This is according to dynamic South African women who now run their own successful businesses and will be speaking Small Business Expo and #BuyaBusiness Expo in Johannesburg this month, where the Standard Bank Women in Business Workshop will be staged.
While the 2014 SME Survey by World Wide Worx found that just 8% of South African SMEs are female-owned businesses, a recent Seed Academy Real State of Entrepreneurship in South Africa 2017 survey said the gap between male and female entrepreneurs was starting to narrow as women represented 47% of entrepreneurs surveyed.
With informal businesses thought to account for a large number of the SMEs owned by women, the actual number of women-owned businesses in South Africa is difficult to determine. But leading women entrepreneurs believe the number of women launching their own businesses is rising fast.
Shirley Anthony, speaker, author and Marketing Consultant at Marketing Breakthroughs, has owned her own business for 23 years.
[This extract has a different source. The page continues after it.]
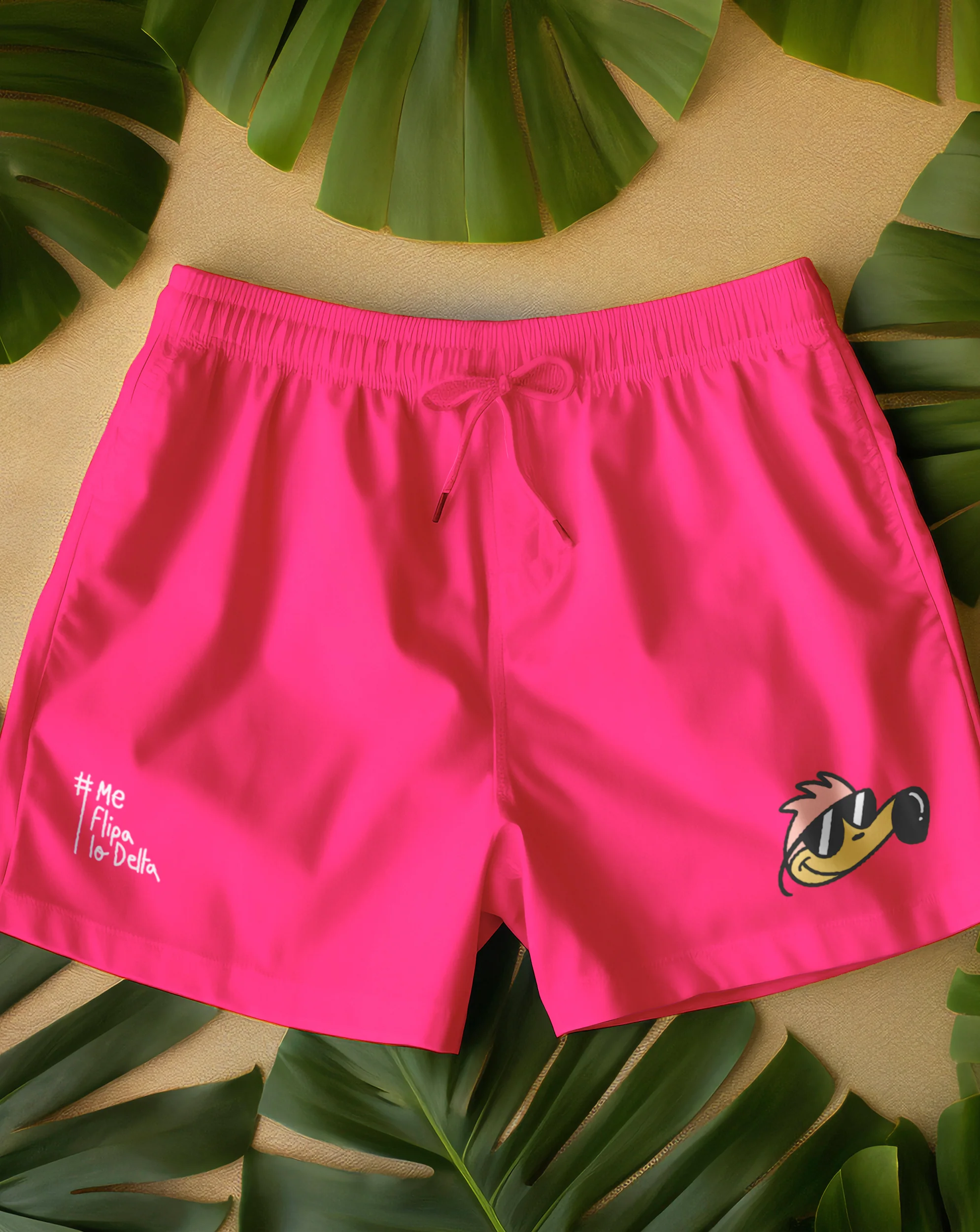 Bañador tipo boxer para hombre en rosa fluor y estampado de flipi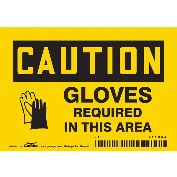 Safety Sign, Horizontal Rectangle, Number of Printed Sides 1, English, Sign Format Traditional OSHA, Sign Legend Gloves Required In This Area, Sign Legend Background Color Yellow, Sign Legend Style Symbol and Text

Among her many achievements, she has carried out over 100 projects in 25 different sectors, designing a marketing formula soon to be launched online and releasing her practical marketing guide for entrepreneurs as a free download at www.marbreak.com.
She believes the ‘glass ceiling’ that held women back in the past is disappearing. “Within major corporates, gender mainstreaming is starting to take place but the upper echelon is still male dominated; so we find that women who are serious about business tend to start their own,” she says. For many women, family responsibilities are a major consideration, so the flexibility offered by owning a business is also a compelling reason for them to take the plunge, says Anthony.
Kathryn Main, CEO of Main Multimedia and Money Savvy Kids, believes women entrepreneurship is a hot topic across Africa: “Women are starting to take the reins in entrepreneurship. It’s a movement that is gaining momentum, possibly because we’re often forced to start our own businesses.”
Main, who launched her first business in 2010, did so for the flexibility it gave her to spend time with her children. “I may get up at four in the morning and work over weekends, but I make my own hours and I enjoy that flexibility.”
Her businesses may be very successful now, but Main says she once suffered from the same lack of confidence many other women still experience.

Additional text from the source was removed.